(Dataset items)
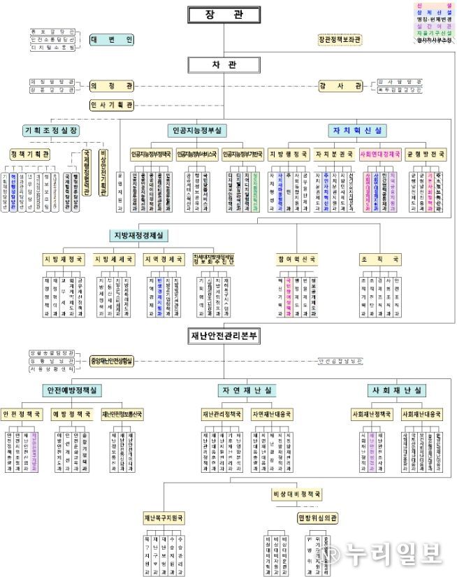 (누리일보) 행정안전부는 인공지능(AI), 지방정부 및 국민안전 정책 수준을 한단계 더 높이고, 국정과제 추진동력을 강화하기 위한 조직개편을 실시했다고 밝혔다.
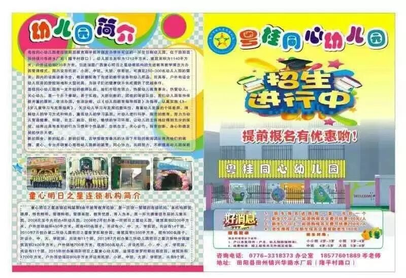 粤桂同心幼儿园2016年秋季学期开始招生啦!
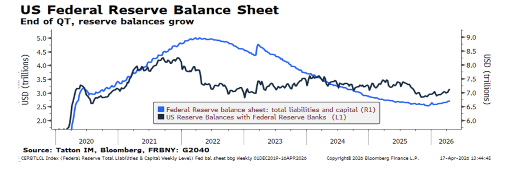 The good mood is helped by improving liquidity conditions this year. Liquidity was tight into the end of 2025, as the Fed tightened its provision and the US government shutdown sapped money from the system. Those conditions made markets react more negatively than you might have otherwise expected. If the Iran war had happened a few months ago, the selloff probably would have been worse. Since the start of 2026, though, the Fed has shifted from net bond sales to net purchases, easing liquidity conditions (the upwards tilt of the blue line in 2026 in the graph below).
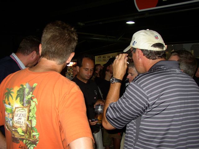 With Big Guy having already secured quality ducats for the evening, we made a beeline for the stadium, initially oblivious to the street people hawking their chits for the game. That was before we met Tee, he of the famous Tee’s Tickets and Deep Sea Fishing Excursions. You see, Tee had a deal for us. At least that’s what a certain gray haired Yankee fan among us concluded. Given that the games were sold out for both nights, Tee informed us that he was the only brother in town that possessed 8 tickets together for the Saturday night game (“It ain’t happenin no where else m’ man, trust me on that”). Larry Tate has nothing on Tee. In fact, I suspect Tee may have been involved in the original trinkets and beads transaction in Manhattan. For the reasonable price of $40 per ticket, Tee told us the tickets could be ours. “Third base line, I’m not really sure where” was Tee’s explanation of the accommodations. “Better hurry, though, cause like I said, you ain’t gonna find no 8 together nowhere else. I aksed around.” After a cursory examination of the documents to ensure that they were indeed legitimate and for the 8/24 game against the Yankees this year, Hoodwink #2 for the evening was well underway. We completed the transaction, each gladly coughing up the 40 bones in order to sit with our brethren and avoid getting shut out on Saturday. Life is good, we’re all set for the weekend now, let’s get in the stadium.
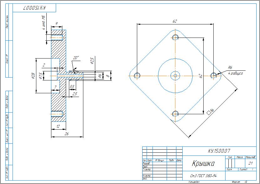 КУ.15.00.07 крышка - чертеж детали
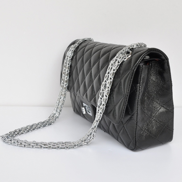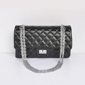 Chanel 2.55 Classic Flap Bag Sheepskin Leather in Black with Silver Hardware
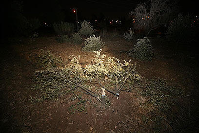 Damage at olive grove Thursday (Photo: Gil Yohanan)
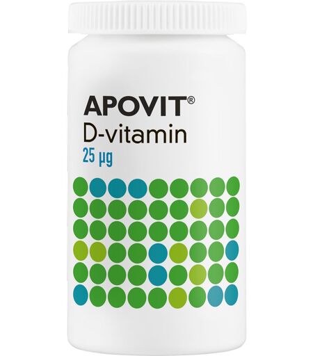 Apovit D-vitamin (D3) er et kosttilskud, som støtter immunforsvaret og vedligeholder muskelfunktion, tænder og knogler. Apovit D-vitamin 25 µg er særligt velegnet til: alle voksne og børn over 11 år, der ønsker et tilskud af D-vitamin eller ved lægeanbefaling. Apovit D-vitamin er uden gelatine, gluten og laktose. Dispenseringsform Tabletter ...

▸ EXERCISE: Through the line containing "The good mood" and no further, restate the data above word for word from its first line, leaving out pictures.

▸ REPLY:
 (누리일보) 행정안전부는 인공지능(AI), 지방정부 및 국민안전 정책 수준을 한단계 더 높이고, 국정과제 추진동력을 강화하기 위한 조직개편을 실시했다고 밝혔다.
 粤桂同心幼儿园2016年秋季学期开始招生啦!
 The good mood is helped by improving liquidity conditions this year. Liquidity was tight into the end of 2025, as the Fed tightened its provision and the US government shutdown sapped money from the system. Those conditions made markets react more negatively than you might have otherwise expected. If the Iran war had happened a few months ago, the selloff probably would have been worse. Since the start of 2026, though, the Fed has shifted from net bond sales to net purchases, easing liquidity conditions (the upwards tilt of the blue line in 2026 in the graph below).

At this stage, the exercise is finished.